- About this task: Using the listing below, output only the lines from the one that contains "党委宣传(统战)部2023年端午节值班安排-宣传部" through the one that contains "Art Deco three", inclusive, exactly as given and without images.

[Start of section]

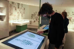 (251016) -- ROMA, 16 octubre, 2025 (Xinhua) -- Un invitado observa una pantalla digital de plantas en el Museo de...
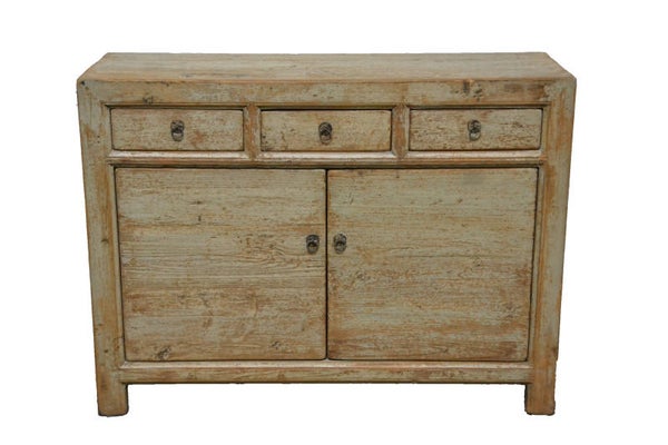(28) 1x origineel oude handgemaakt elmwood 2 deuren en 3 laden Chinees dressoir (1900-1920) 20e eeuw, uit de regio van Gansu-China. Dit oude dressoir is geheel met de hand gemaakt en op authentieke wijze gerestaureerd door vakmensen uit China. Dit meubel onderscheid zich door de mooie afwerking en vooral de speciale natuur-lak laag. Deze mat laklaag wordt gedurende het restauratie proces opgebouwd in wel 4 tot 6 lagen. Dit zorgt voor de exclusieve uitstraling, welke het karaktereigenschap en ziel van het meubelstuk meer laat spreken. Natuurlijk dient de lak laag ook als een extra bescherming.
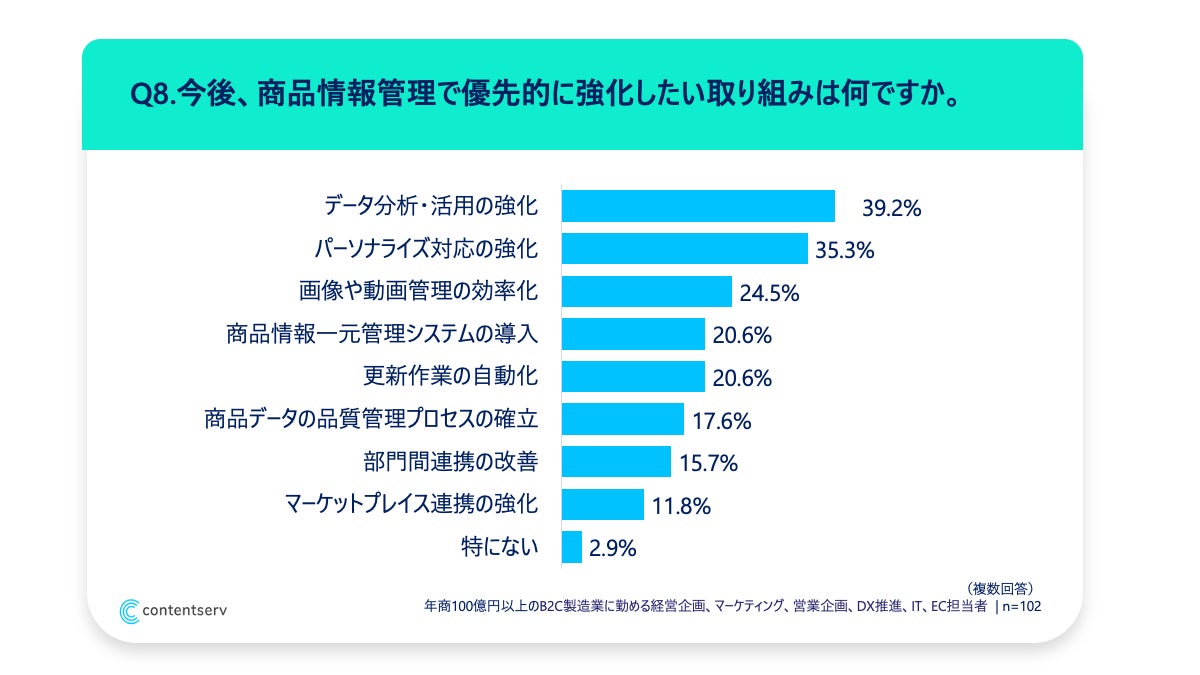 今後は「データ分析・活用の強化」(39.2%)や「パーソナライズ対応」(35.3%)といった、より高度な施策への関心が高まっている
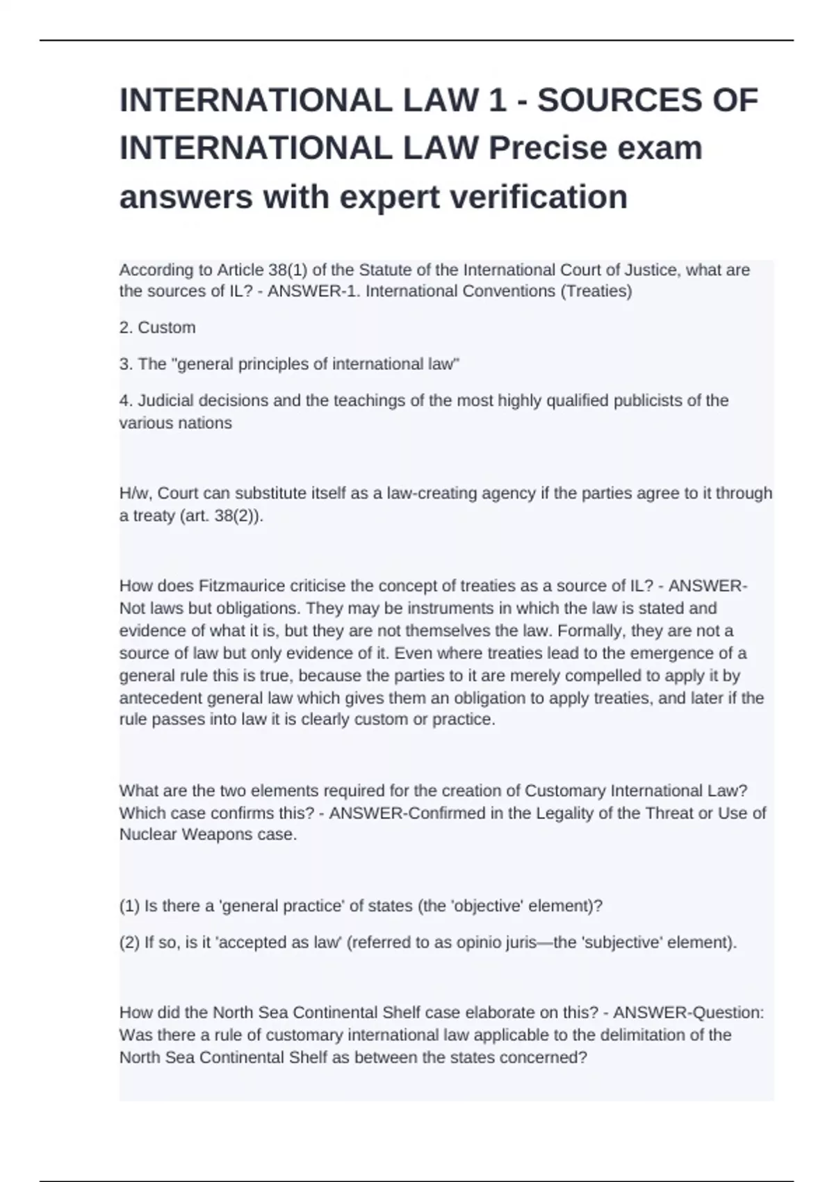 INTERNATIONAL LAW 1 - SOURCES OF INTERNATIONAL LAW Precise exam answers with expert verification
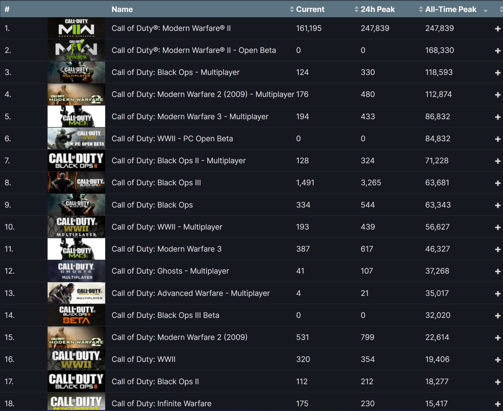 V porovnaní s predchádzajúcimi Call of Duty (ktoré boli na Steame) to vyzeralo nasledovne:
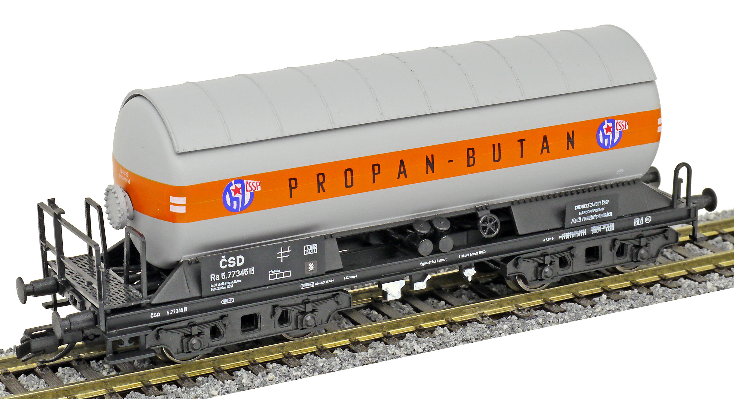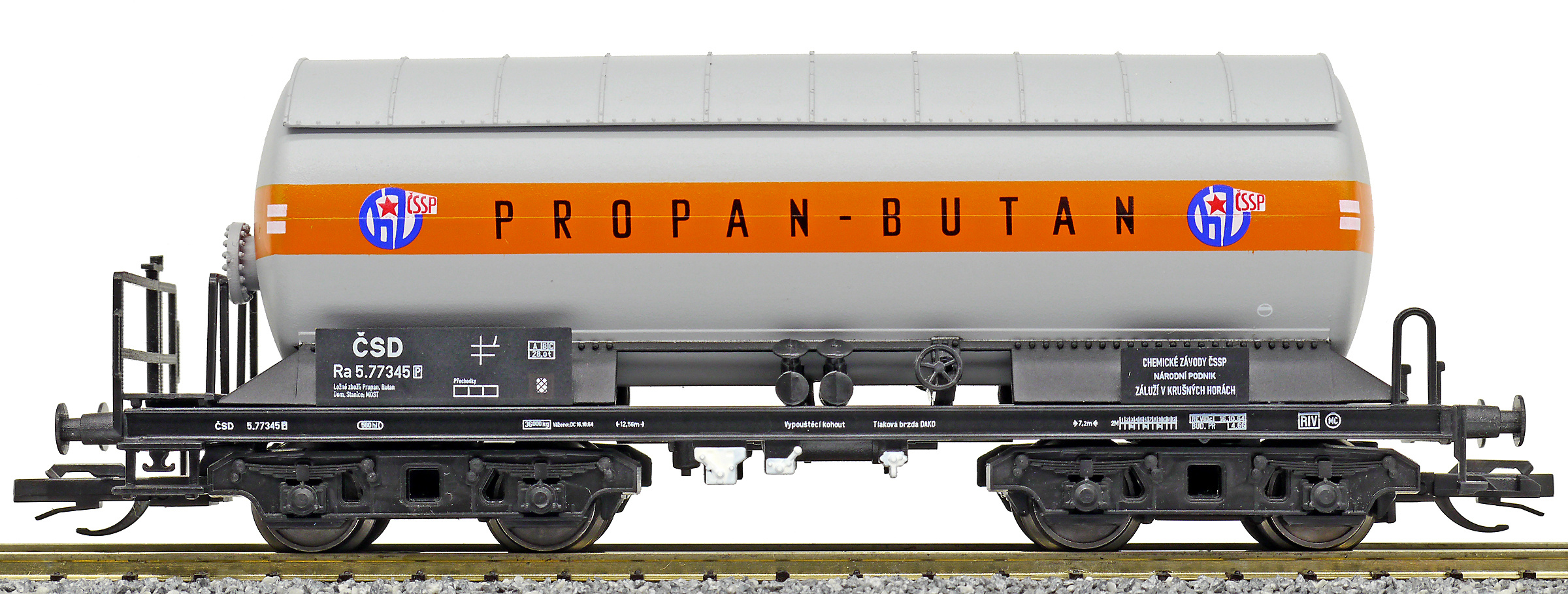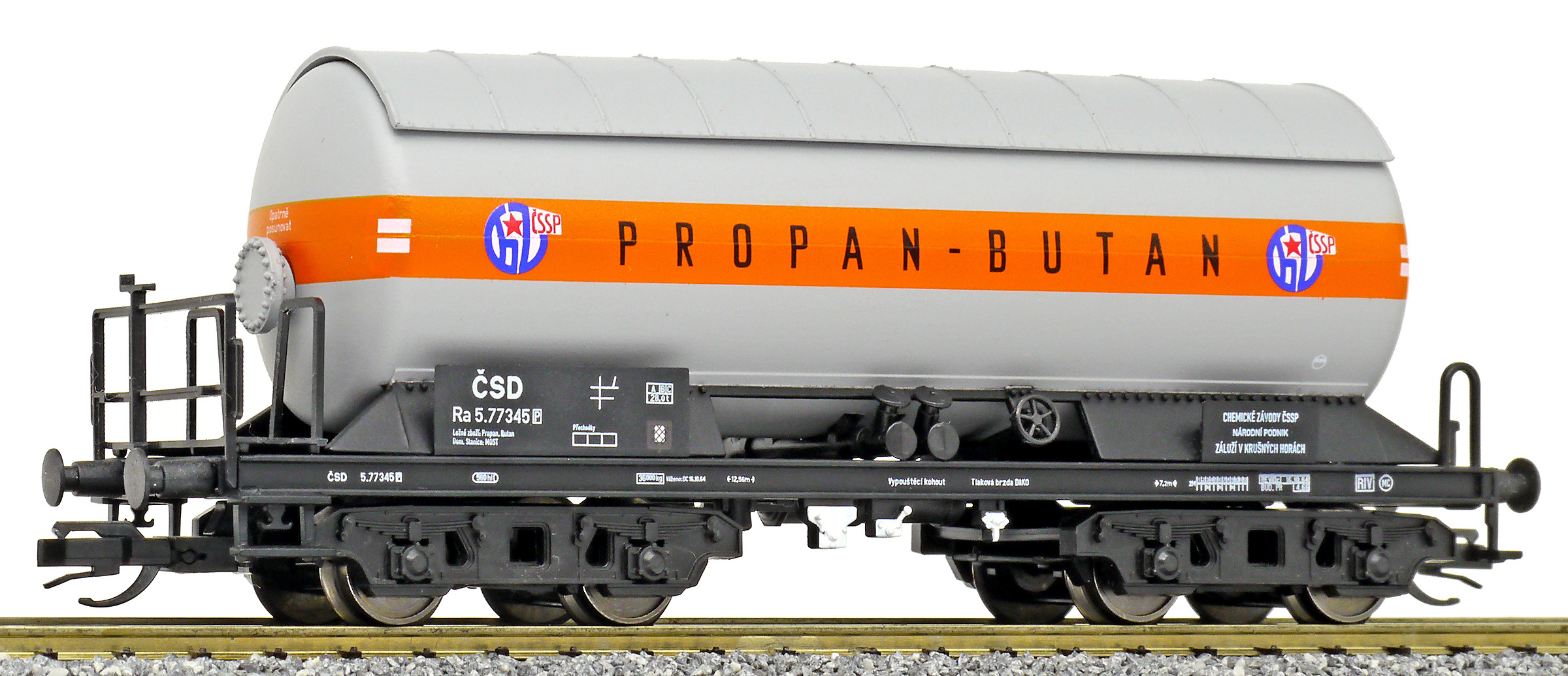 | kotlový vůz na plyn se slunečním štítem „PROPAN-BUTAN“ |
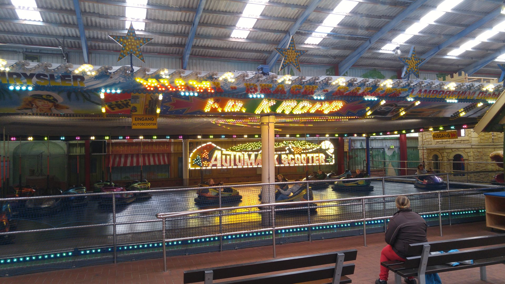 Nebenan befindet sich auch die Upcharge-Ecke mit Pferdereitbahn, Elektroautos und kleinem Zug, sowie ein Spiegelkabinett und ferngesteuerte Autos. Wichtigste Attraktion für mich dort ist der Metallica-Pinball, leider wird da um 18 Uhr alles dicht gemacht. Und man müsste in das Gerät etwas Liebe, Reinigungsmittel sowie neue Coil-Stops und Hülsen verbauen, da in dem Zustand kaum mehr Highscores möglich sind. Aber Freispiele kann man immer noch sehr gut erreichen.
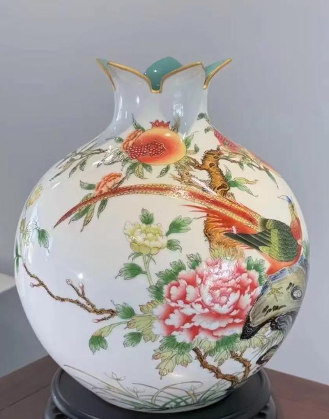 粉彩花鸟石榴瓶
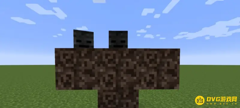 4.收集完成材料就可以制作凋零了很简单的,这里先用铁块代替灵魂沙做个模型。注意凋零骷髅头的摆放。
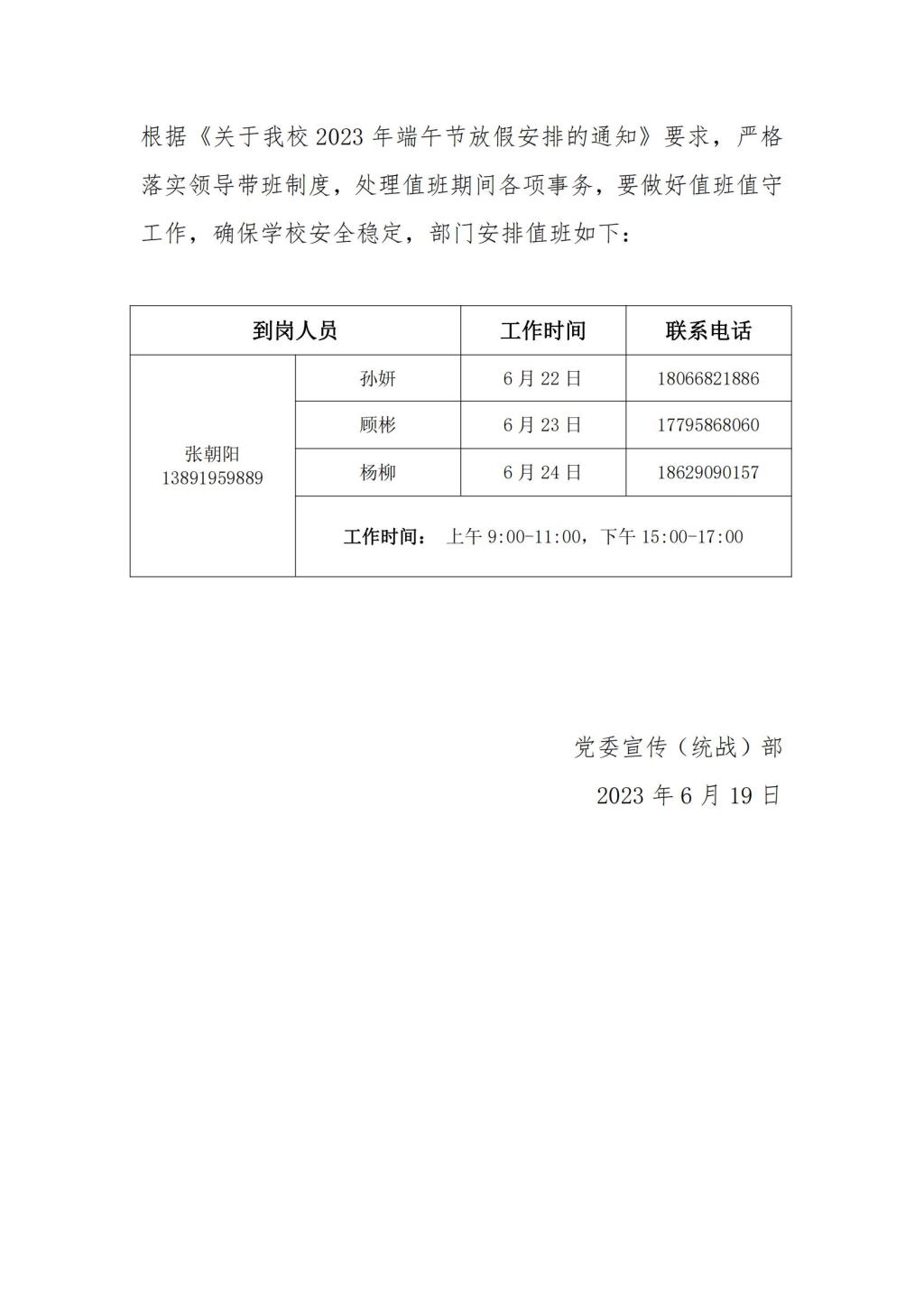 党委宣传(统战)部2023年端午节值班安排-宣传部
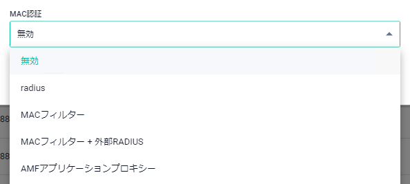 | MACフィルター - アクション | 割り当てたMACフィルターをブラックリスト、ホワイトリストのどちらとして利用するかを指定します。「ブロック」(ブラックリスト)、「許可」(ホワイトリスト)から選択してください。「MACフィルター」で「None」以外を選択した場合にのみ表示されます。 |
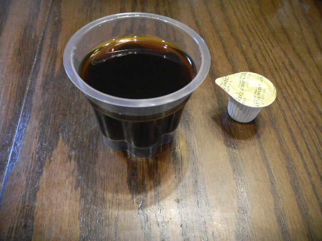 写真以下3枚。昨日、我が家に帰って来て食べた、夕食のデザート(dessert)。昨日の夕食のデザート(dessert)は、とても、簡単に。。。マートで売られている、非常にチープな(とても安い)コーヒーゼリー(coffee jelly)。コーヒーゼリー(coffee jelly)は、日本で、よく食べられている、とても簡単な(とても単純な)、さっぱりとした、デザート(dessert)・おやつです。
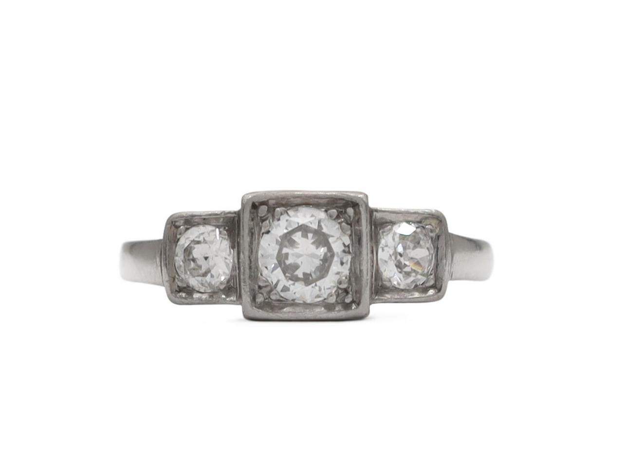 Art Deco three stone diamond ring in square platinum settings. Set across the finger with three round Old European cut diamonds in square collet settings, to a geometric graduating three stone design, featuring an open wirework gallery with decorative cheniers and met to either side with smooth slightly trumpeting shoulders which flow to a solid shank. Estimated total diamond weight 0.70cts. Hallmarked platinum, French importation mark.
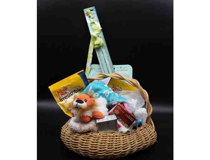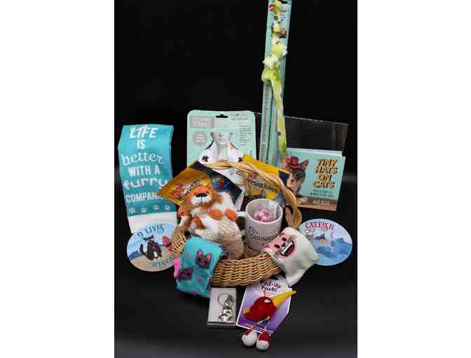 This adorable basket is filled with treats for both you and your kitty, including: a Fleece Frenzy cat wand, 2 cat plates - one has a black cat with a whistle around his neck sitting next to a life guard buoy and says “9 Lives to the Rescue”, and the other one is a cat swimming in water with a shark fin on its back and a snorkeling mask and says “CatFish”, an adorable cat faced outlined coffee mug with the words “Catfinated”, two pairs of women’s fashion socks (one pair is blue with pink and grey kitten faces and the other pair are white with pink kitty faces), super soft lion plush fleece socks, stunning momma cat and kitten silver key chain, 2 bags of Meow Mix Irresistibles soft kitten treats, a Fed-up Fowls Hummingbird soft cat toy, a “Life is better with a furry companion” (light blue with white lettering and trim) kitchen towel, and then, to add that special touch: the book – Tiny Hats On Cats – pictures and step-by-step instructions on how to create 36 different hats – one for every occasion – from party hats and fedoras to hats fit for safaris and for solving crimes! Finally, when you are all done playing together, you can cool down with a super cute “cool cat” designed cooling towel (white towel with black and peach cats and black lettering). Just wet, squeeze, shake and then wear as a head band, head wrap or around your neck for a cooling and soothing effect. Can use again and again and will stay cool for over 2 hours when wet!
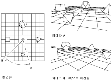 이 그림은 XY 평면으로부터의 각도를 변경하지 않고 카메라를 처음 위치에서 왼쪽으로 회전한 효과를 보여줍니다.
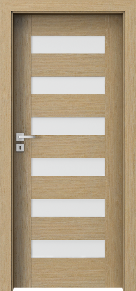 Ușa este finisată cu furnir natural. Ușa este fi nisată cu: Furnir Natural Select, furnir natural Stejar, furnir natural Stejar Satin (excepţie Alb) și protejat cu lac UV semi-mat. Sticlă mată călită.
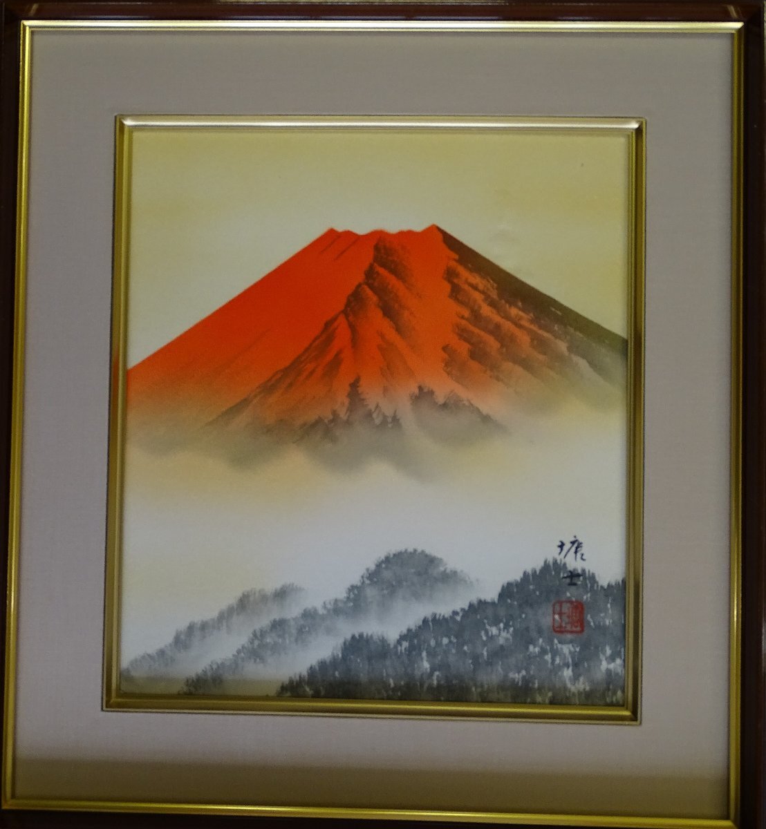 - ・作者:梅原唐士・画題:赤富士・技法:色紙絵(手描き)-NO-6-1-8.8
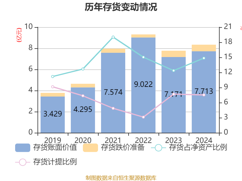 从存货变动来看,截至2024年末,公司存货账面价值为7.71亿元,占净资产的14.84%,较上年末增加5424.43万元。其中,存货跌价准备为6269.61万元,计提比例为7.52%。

[End of section]

- Solution for this task:
 党委宣传(统战)部2023年端午节值班安排-宣传部
 | MACフィルター - アクション | 割り当てたMACフィルターをブラックリスト、ホワイトリストのどちらとして利用するかを指定します。「ブロック」(ブラックリスト)、「許可」(ホワイトリスト)から選択してください。「MACフィルター」で「None」以外を選択した場合にのみ表示されます。 |
 写真以下3枚。昨日、我が家に帰って来て食べた、夕食のデザート(dessert)。昨日の夕食のデザート(dessert)は、とても、簡単に。。。マートで売られている、非常にチープな(とても安い)コーヒーゼリー(coffee jelly)。コーヒーゼリー(coffee jelly)は、日本で、よく食べられている、とても簡単な(とても単純な)、さっぱりとした、デザート(dessert)・おやつです。
 Art Deco three stone diamond ring in square platinum settings. Set across the finger with three round Old European cut diamonds in square collet settings, to a geometric graduating three stone design, featuring an open wirework gallery with decorative cheniers and met to either side with smooth slightly trumpeting shoulders which flow to a solid shank. Estimated total diamond weight 0.70cts. Hallmarked platinum, French importation mark.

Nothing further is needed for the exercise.